- Born: 1951 (age 73–74) Dushanbe, Tajikistan
- Occupation: Historian
- Relatives: Nazarsho Dodkhudoyev (father); Larisa Dodkhudoeva (sister);

Academic background
- Alma mater: Leningrad State University; Tajik Academy of Sciences (PhD);
- Thesis: Epigraphic Monuments of Samarqand, XI–XIV Centuries (1983)

= Lola Dodkhudoeva =

Tajikistani historian (born 1951)

Lola Dodkhudoeva (born 1951) is a Tajikistani historian.

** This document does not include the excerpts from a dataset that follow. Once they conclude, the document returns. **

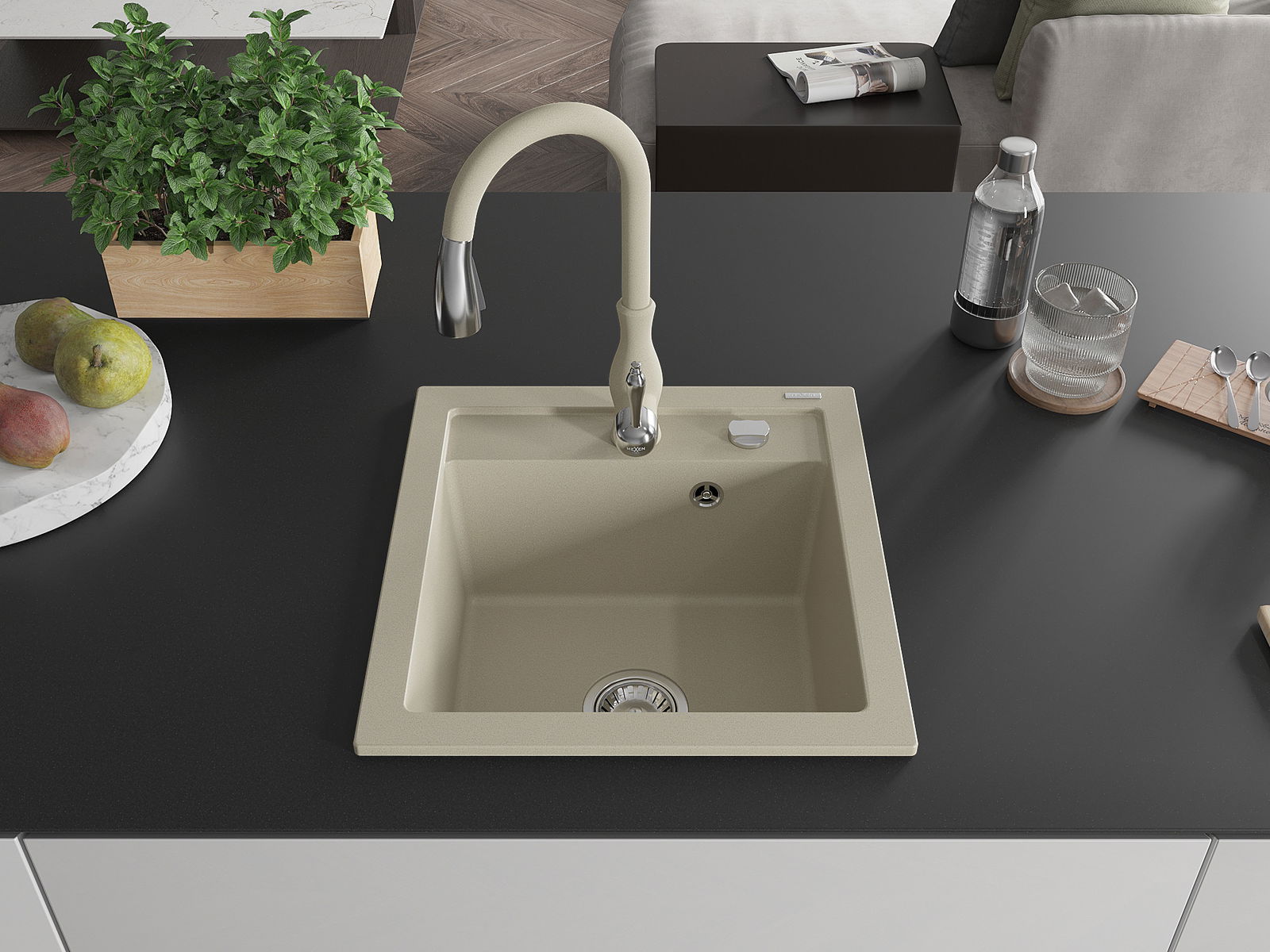 Povrch umývadla je odolný voči škvrnám a sfarbeniu, vďaka čomu sa ľahko čistí a zachováva si svoju farbu po dlhú dobu. Estetický a prakticky dopĺňajúci každú kuchyňu.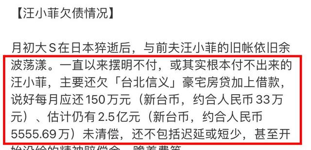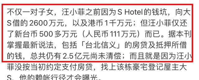 汪小菲与大S的曾经,是外界眼中的“完美婚姻”范本。然而,聚光灯下的光鲜遮掩不了现实生活中的摩擦。在经营家庭的同时,两人还深度捆绑在了商业利益的合作之中,比如S Hotel的投资。汪小菲在婚姻存续期间,为了事业发展,曾多次向大S借款用于酒店经营。然而,随着婚姻破裂,这一利益纽带迅速瓦解,双方财务来往的问题被推上台面,逐步发酵为一场公开的债务纠纷。据多方爆料,大S方面声称汪小菲尚未清偿约2.5亿台币的借款,其中涵盖房贷、生活费以及其他账目,这些问题成为双方频繁“唇枪舌剑”的核心。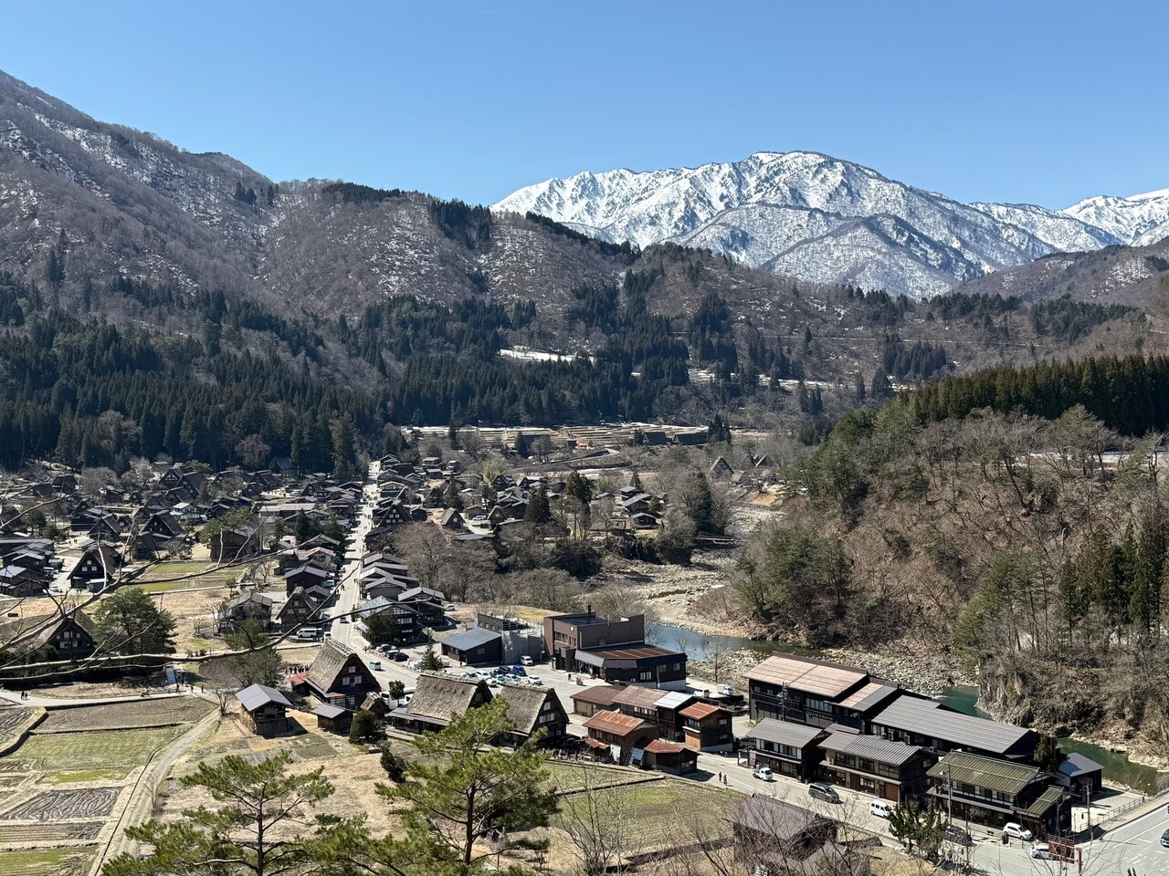 Drive from Kanazawa with alpine scenery, high snow capped mountains, tunnels, thatched roof houses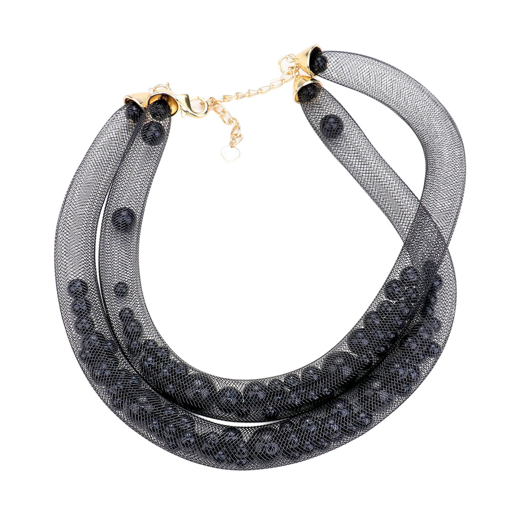Pearl Accented Triple Layered Mesh Bib Necklace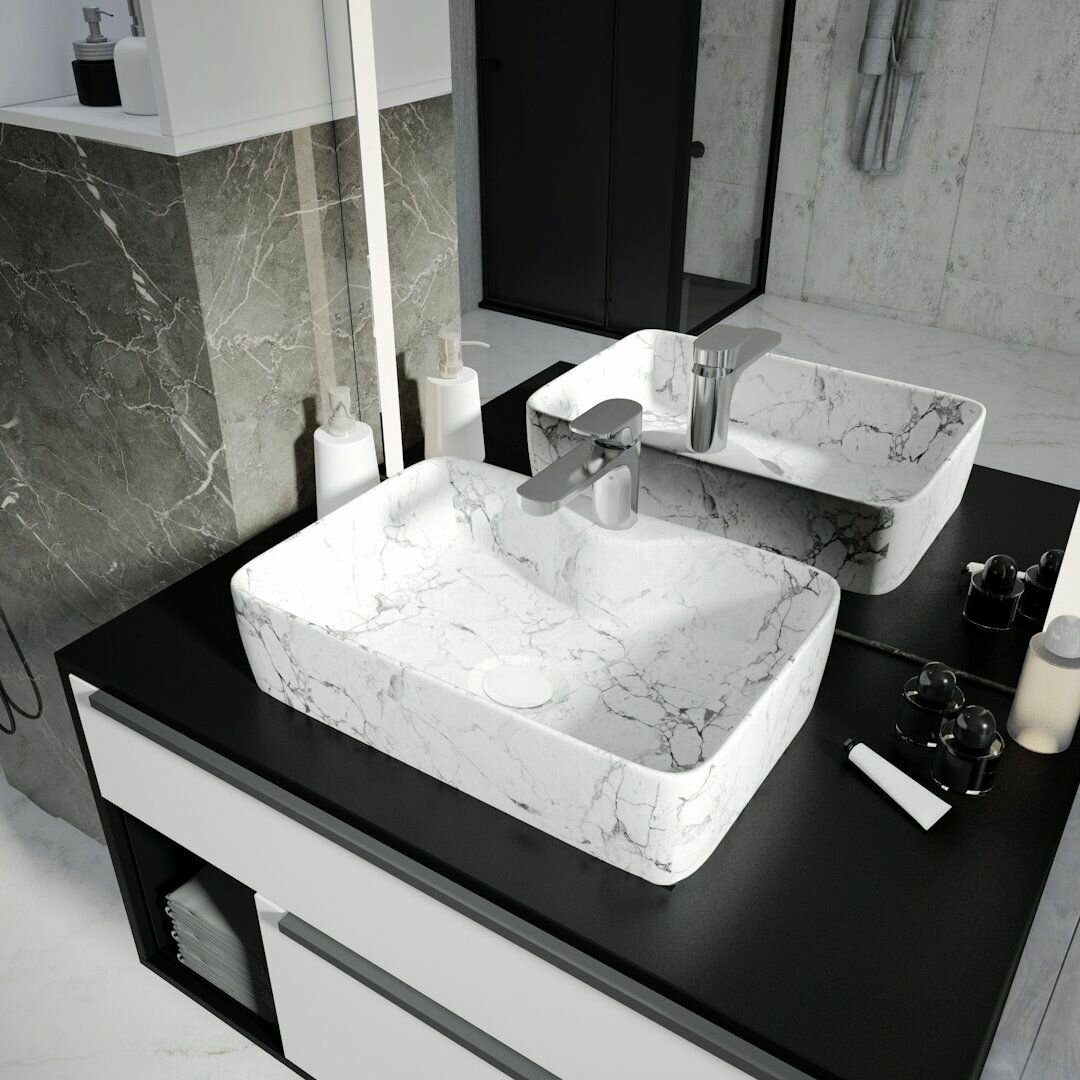Раковина для ванной накладная Teymi Helmi S 48 цвет белый мрамор T50298 интересное:

Born in Dushanbe, Dodkhudoeva is the daughter of Nazarsho Dodkhudoyev; Her sister is the art historian Larisa Dodkhudoeva. She received a degree in Arabic studies from Leningrad State University in 1973. In 1977 she began work as a researcher at the Department of Medieval History of the Institute of History, Ethnography, and Archaeology at the Tajik Academy of Sciences; she later became the head of the department. She received her Ph.D. in 1983 from the Tajik Academy of Sciences. From 1993 to 1994 she worked in the Tajikistan Ministry of Education; from 1996 to 1997 she was the deputy director of the Open Society Institute's branch in the country. In March 2000 she was named secretary general of UNESCO's national commission for Tajikistan. Dodkhudoeva is by specialty a historian of Islam, focusing on the religion's role in medieval Central Asian affairs, with some forays into more contemporary topics. As of 2016 she was a chief scholar of the Rudaki Institute of Language, Literature, Oriental Studies and Written Heritage at the Tajikistan Academy of Sciences.